BRIEF:
Using the records that follow, reproduce exactly the lines starting at the line containing "Fig. 3: Microphotographs" and ending at the line containing "First, place the". Include both end lines and no pictures.

────────────────────

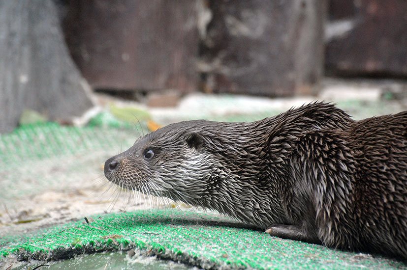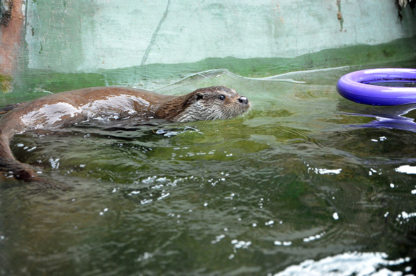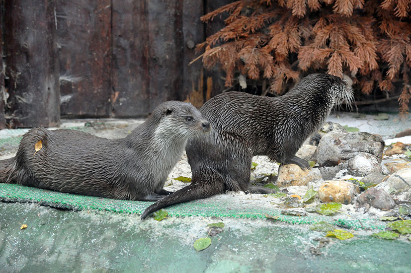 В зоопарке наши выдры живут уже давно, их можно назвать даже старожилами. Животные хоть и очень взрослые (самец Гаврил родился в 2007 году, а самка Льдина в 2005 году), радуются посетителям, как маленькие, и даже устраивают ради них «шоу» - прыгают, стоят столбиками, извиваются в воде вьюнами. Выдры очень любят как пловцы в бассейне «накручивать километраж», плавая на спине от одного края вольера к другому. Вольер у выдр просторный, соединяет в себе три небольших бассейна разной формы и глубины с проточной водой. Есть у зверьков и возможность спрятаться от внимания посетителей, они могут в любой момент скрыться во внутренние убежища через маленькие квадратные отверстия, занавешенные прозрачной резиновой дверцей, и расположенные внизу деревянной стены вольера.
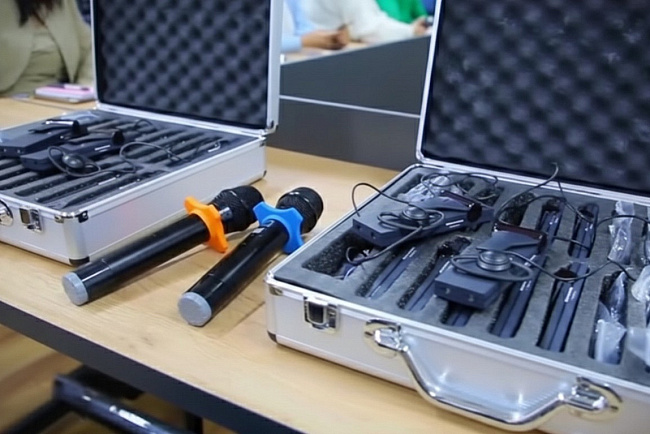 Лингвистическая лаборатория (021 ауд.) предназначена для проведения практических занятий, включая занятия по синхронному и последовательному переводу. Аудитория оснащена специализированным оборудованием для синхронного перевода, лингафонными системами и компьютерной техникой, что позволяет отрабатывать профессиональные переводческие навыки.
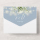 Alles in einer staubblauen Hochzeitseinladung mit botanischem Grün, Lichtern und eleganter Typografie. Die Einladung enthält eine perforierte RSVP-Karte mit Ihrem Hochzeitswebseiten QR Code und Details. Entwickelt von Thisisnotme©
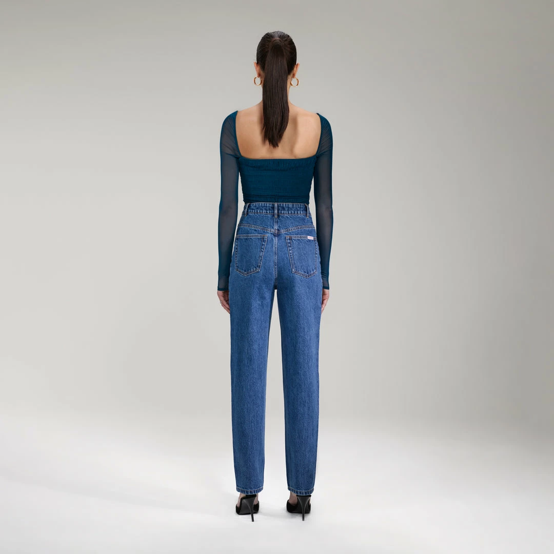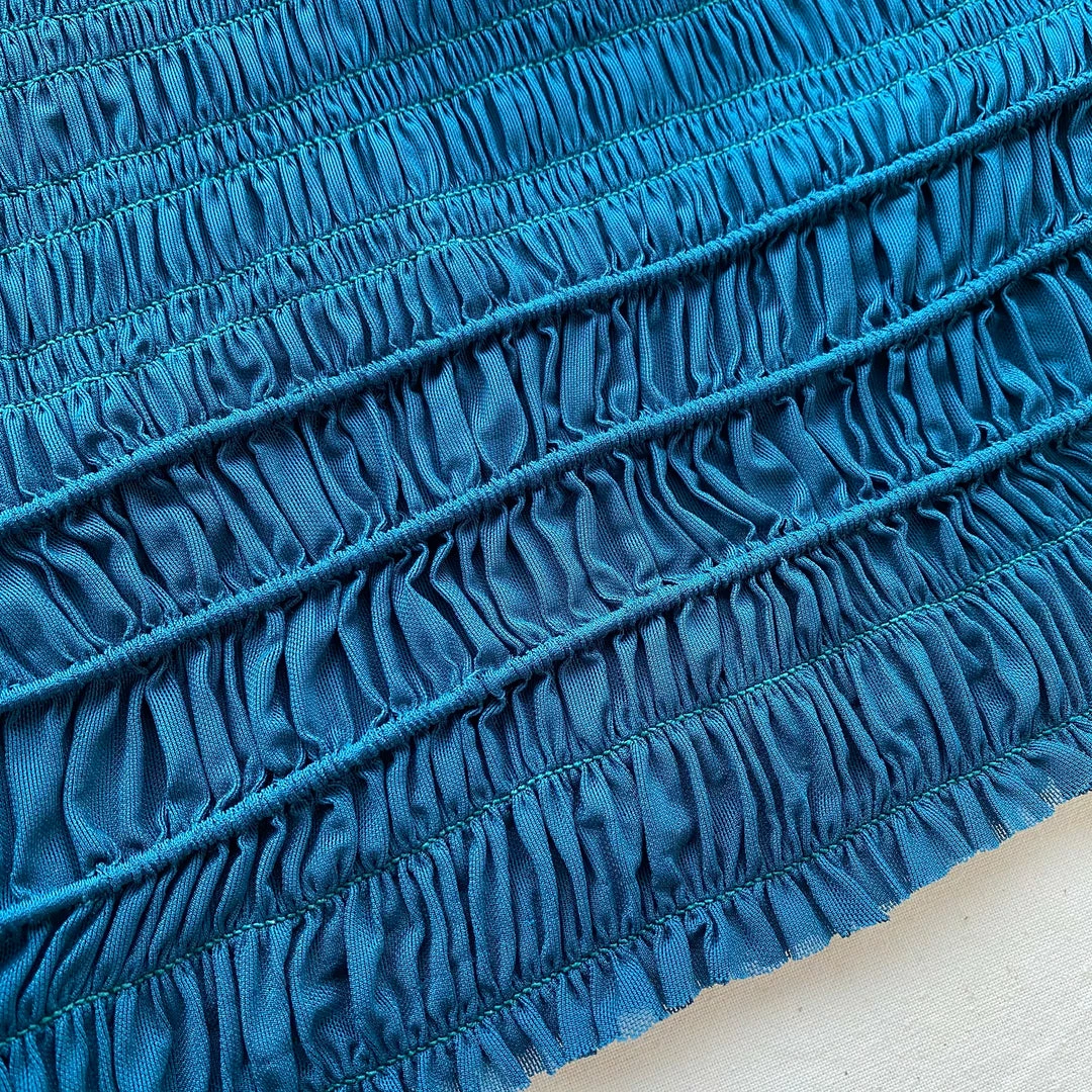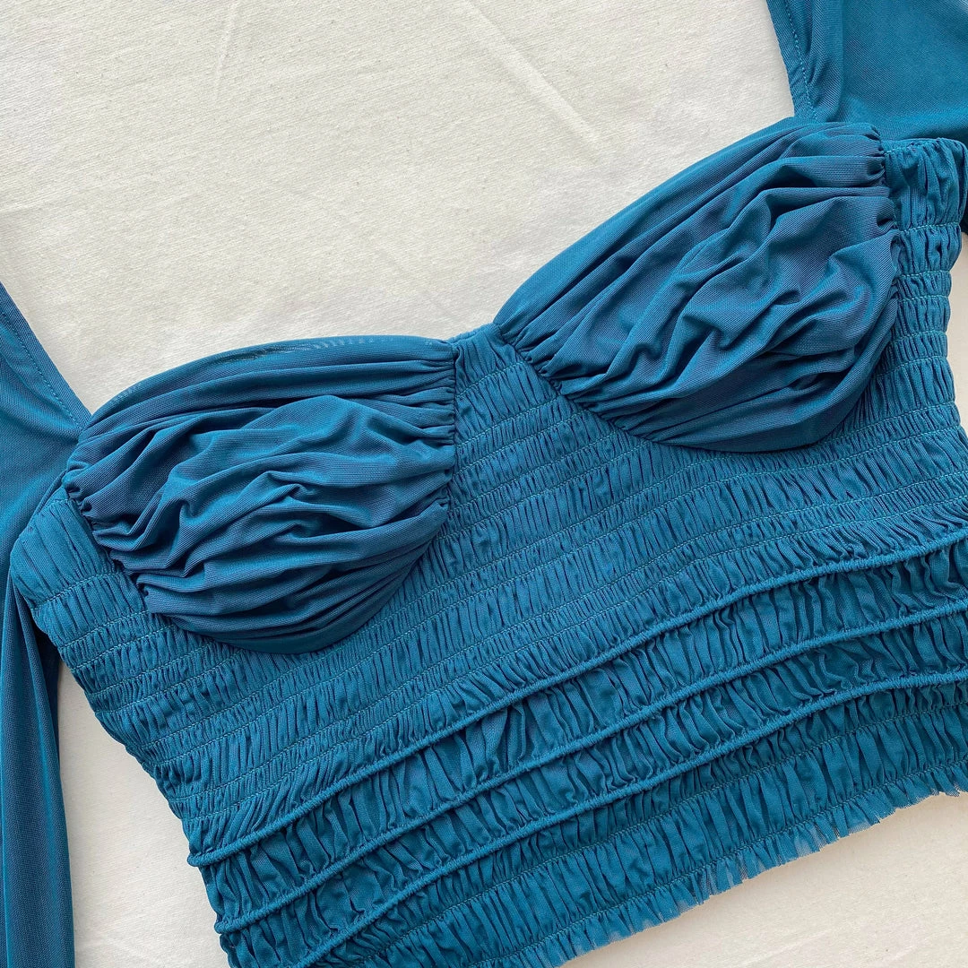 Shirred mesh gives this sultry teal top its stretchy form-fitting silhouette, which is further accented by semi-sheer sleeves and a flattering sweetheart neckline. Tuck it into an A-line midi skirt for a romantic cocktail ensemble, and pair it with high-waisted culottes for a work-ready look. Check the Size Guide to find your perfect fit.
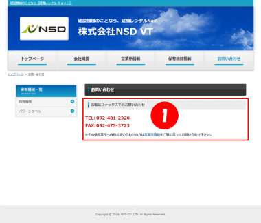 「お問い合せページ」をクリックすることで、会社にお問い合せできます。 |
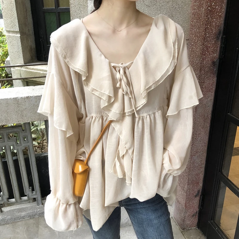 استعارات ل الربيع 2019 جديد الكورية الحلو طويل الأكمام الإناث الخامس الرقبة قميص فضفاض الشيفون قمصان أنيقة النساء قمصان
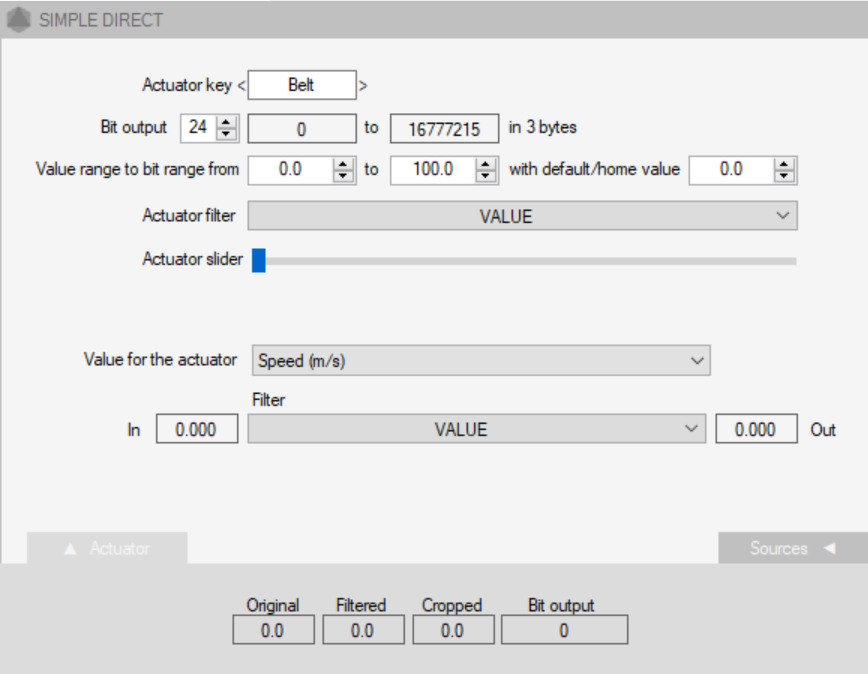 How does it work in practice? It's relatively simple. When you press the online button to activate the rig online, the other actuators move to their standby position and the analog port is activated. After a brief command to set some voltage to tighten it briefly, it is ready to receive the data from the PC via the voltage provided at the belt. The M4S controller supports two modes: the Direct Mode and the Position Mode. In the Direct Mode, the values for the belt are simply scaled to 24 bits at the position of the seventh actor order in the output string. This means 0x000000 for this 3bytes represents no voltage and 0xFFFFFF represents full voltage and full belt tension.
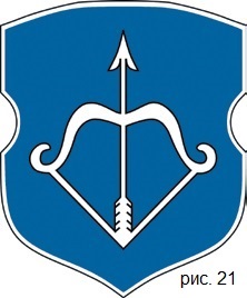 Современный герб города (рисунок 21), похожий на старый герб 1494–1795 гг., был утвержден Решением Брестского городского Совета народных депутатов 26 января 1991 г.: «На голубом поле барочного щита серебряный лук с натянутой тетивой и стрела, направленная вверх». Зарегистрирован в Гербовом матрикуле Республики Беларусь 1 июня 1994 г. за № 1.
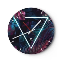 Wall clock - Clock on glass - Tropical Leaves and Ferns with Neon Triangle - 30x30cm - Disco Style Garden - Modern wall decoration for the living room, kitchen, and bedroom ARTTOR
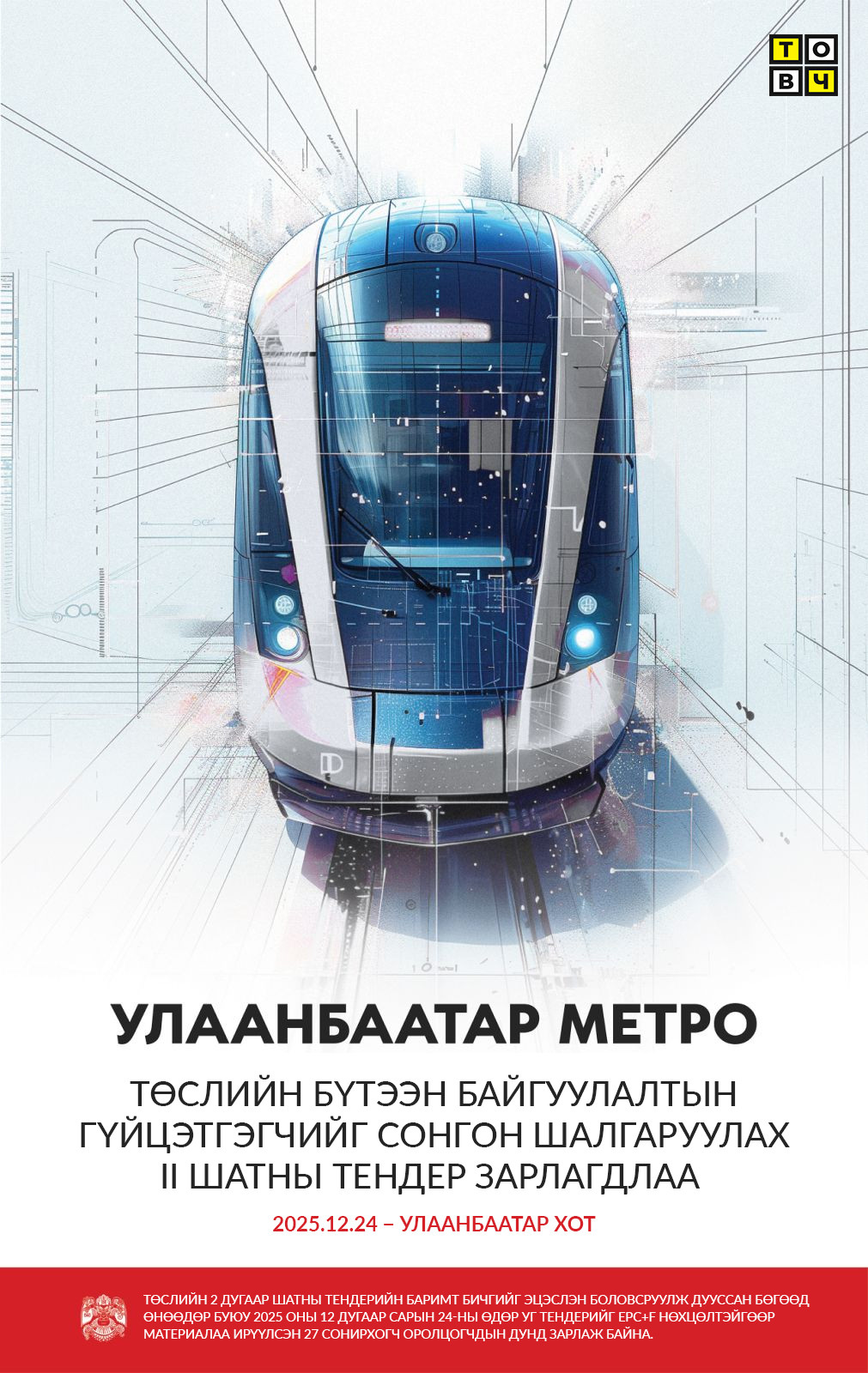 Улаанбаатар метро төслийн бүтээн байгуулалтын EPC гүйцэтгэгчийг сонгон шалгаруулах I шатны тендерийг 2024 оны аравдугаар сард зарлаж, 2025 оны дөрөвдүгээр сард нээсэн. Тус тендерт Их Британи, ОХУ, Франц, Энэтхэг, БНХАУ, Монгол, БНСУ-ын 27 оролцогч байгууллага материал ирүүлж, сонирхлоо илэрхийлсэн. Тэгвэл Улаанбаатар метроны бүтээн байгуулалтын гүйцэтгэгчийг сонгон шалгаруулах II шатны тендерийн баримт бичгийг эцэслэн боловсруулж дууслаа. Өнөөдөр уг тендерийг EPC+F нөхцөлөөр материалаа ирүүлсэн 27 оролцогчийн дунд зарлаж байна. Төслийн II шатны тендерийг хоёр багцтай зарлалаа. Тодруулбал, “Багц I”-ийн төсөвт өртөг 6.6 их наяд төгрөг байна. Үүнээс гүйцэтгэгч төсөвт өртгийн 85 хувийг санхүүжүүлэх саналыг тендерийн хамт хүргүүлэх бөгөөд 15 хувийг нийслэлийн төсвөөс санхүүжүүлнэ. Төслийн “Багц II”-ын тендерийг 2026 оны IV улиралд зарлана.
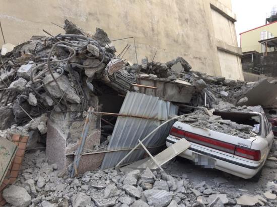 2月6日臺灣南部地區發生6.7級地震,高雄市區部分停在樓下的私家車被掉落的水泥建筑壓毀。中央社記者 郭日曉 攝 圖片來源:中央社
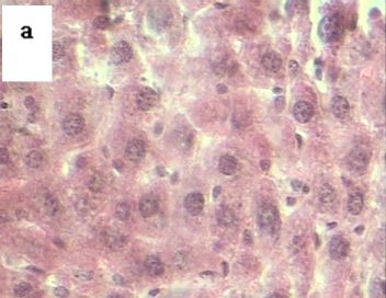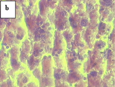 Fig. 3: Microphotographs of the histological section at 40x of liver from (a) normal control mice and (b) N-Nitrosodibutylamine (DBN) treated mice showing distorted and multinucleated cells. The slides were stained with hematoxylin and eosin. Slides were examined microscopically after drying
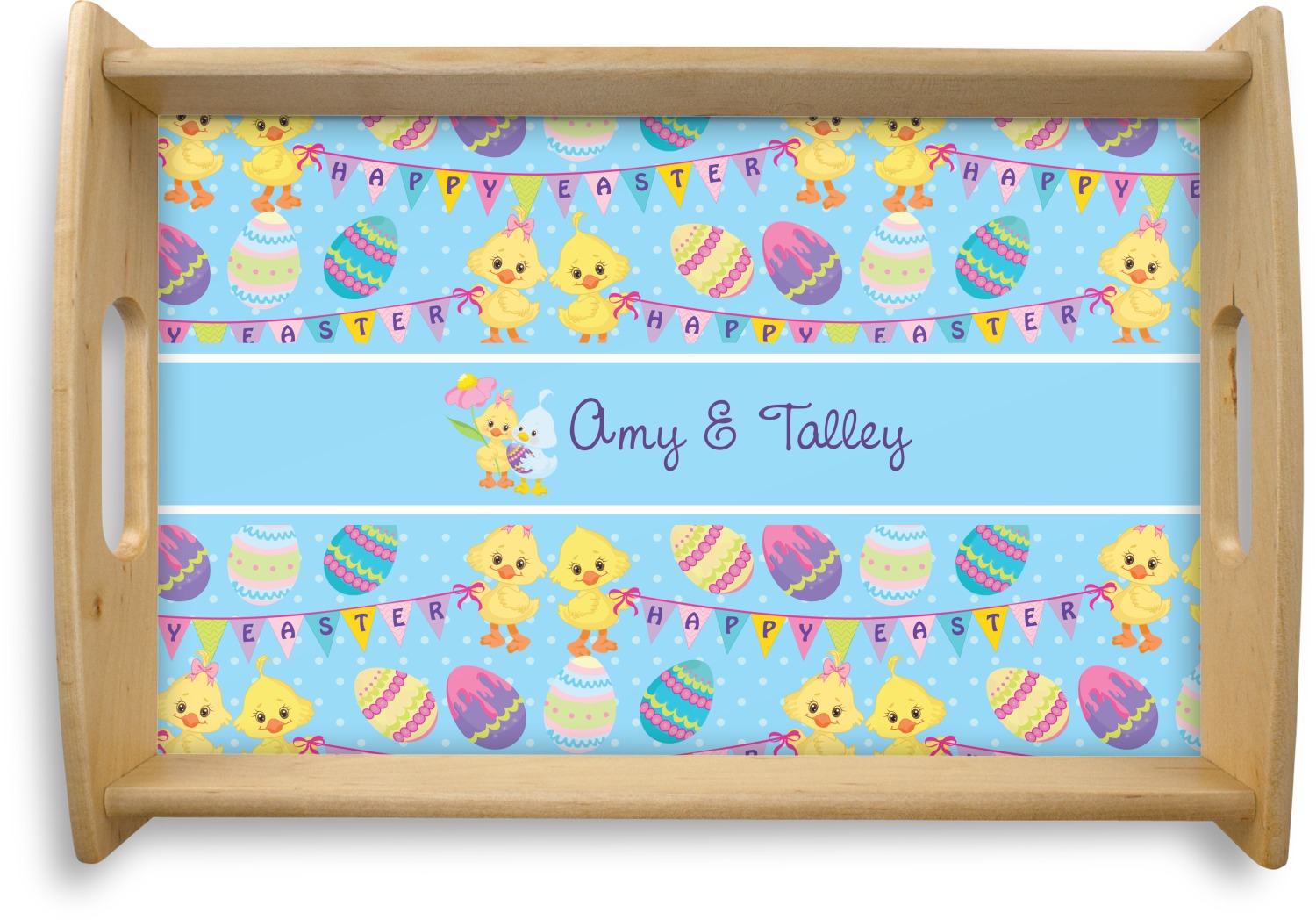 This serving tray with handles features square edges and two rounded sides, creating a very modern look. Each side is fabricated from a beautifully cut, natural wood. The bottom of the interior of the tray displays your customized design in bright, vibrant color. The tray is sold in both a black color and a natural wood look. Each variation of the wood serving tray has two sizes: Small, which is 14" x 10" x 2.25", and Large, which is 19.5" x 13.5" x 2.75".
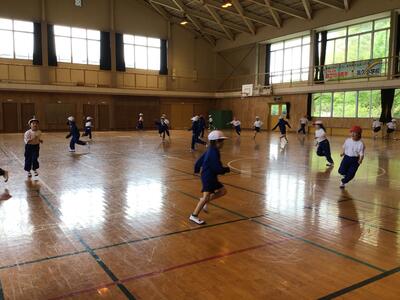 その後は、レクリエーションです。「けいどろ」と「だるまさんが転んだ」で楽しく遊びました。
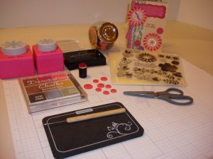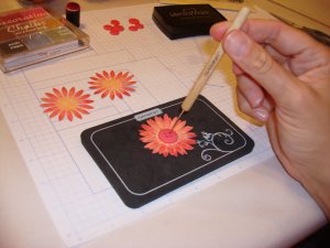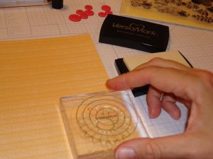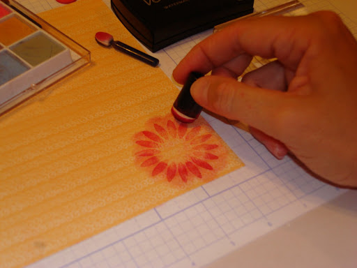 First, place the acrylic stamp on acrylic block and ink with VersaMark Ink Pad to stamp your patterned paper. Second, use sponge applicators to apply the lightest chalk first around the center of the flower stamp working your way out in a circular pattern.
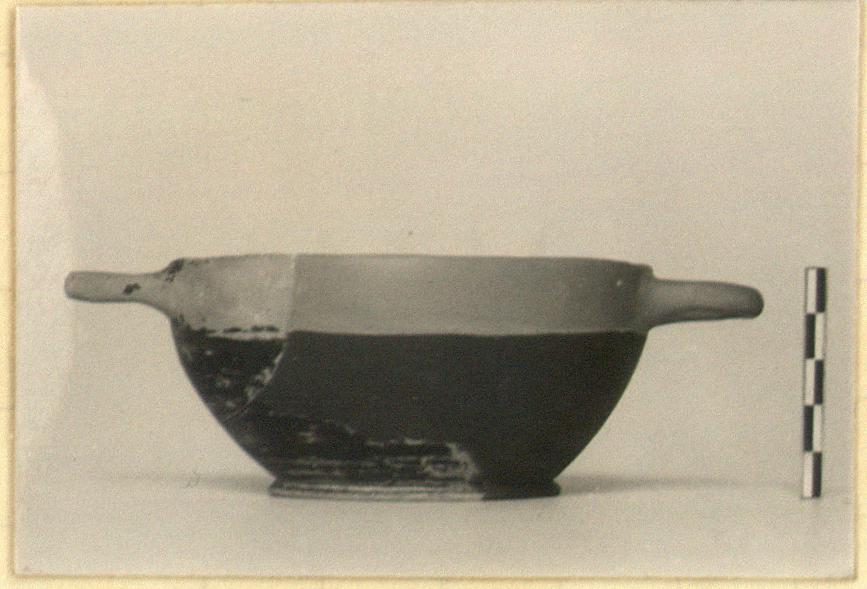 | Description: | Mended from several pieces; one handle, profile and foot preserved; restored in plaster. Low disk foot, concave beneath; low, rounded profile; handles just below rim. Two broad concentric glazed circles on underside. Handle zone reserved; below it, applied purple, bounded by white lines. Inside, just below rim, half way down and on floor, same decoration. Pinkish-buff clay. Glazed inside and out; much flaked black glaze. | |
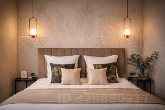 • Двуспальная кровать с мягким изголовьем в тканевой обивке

────────────────────

OUTPUT OF THE EXERCISE:
 Fig. 3: Microphotographs of the histological section at 40x of liver from (a) normal control mice and (b) N-Nitrosodibutylamine (DBN) treated mice showing distorted and multinucleated cells. The slides were stained with hematoxylin and eosin. Slides were examined microscopically after drying
 This serving tray with handles features square edges and two rounded sides, creating a very modern look. Each side is fabricated from a beautifully cut, natural wood. The bottom of the interior of the tray displays your customized design in bright, vibrant color. The tray is sold in both a black color and a natural wood look. Each variation of the wood serving tray has two sizes: Small, which is 14" x 10" x 2.25", and Large, which is 19.5" x 13.5" x 2.75".
 その後は、レクリエーションです。「けいどろ」と「だるまさんが転んだ」で楽しく遊びました。
 First, place the acrylic stamp on acrylic block and ink with VersaMark Ink Pad to stamp your patterned paper. Second, use sponge applicators to apply the lightest chalk first around the center of the flower stamp working your way out in a circular pattern.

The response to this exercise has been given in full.